The analysis on response times mostly mirrored the accuracy results: a stimulus feature that increased accuracy also resulted in faster response times for target detection. However, for the effect of closure the results of response times were inconsistent with the observed trend for accuracy: response times were significantly faster for closed shapes in comparison to open shapes, while accuracy was slightly lower for closed shapes than open shapes. The interaction of number of target lines and the number of continued lines for accuracy and median response times on accurate trials are visualized in Fig. 3.
The L-EFT figures were designed to test how particular features of a target shape (closure, symmetry and complexity) and embedding context (the number of continued lines) influence task difficulty. The results supported the notion that symmetry made a target easier to find (or more difficult to embed). There was also a very clear influence of the number of continued lines, such that targets with more lines continued into the embedding context were harder to find. This clearly supports the idea that the good continuation between the target and its context is an important factor in influencing the strength of the perceptual embedding. The effect of target complexity—operationalized as an increasing number of target lines—did not affect performance in the expected direction. That is, shapes with more target lines were easier to detect. This could be because a shape with more target lines is a more unique occurrence in the embedding context, therefore enhancing the likelihood of target detection.
The results also indicated that the influence of good continuation interacted with some of the stimulus features of the figure. The interaction between the number of continued lines and the number of target lines shows that accuracy mostly depended on the proportion of target lines that are continued into the context (see Fig. 3). Additionally, the interaction of the number of continued lines and closure was significant. One could argue that the “good Gestalt” of a closed shape rendered it less susceptible to the influence of continued lines, but this interpretation is hard to reconcile with the fact that symmetric shapes (which should also form a good Gestalt) did not render these shapes less susceptible to the manipulation of continued lines and with the absence of a main effect of closed target shapes (which suggests that closed shapes were no better Gestalt compared to open shapes within this L-EFT stimulus set).
Experiment 2 aimed to replicate the results of Experiment 1 and to optimize certain task features of the L-EFT. More specifically, a time limit was introduced for each trial to increase the task difficulty and reduce the speed-accuracy trade-off.
Materials & methods
A sample of 188 undergraduate psychology students participated in this study for course credits.
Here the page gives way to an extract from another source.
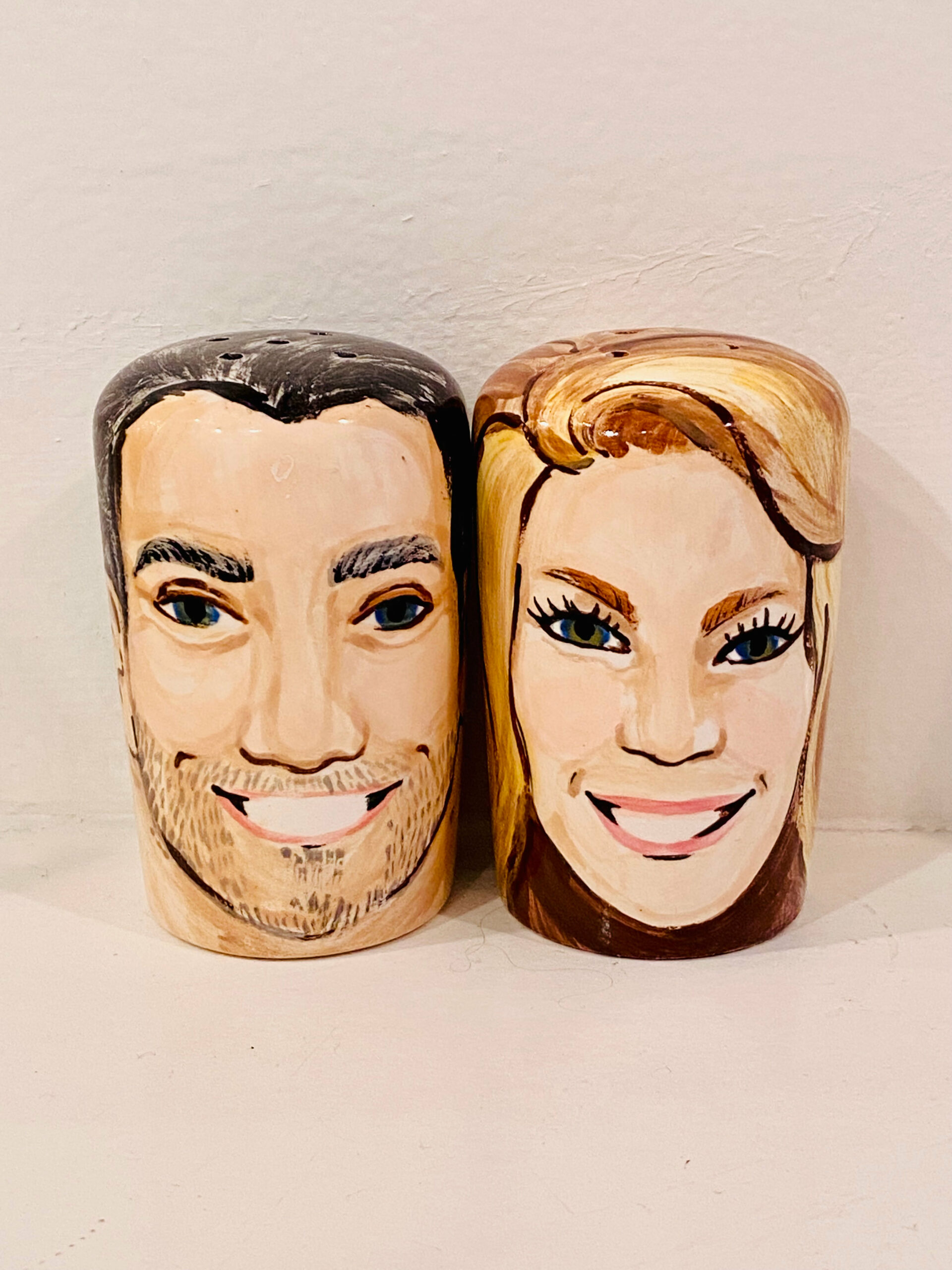 Who’s “salty” in your relationship; and who has the “pep”?!! These salt and pepper shakers can be yours @ Rainbows Pottery Studio! All we need is a picture of the happy couple!

All participants were naïve to the purpose of the study. None of the participants participated in Experiment 1. The median age of subjects was 18 years (SD = 1.99). The sample was primarily female (79%). All procedures performed in this study were in accordance with the ethical standards of the institutional ethical committee and approved by the ethical committee of the KU Leuven university (SMEC approval code: S58409) as well as in accordance with the 1964 Helsinki declaration and its later amendments or comparable ethical standards. Written informed consent for each participant was obtained prior to testing.
The same target and context shapes as in Experiment 1 were used.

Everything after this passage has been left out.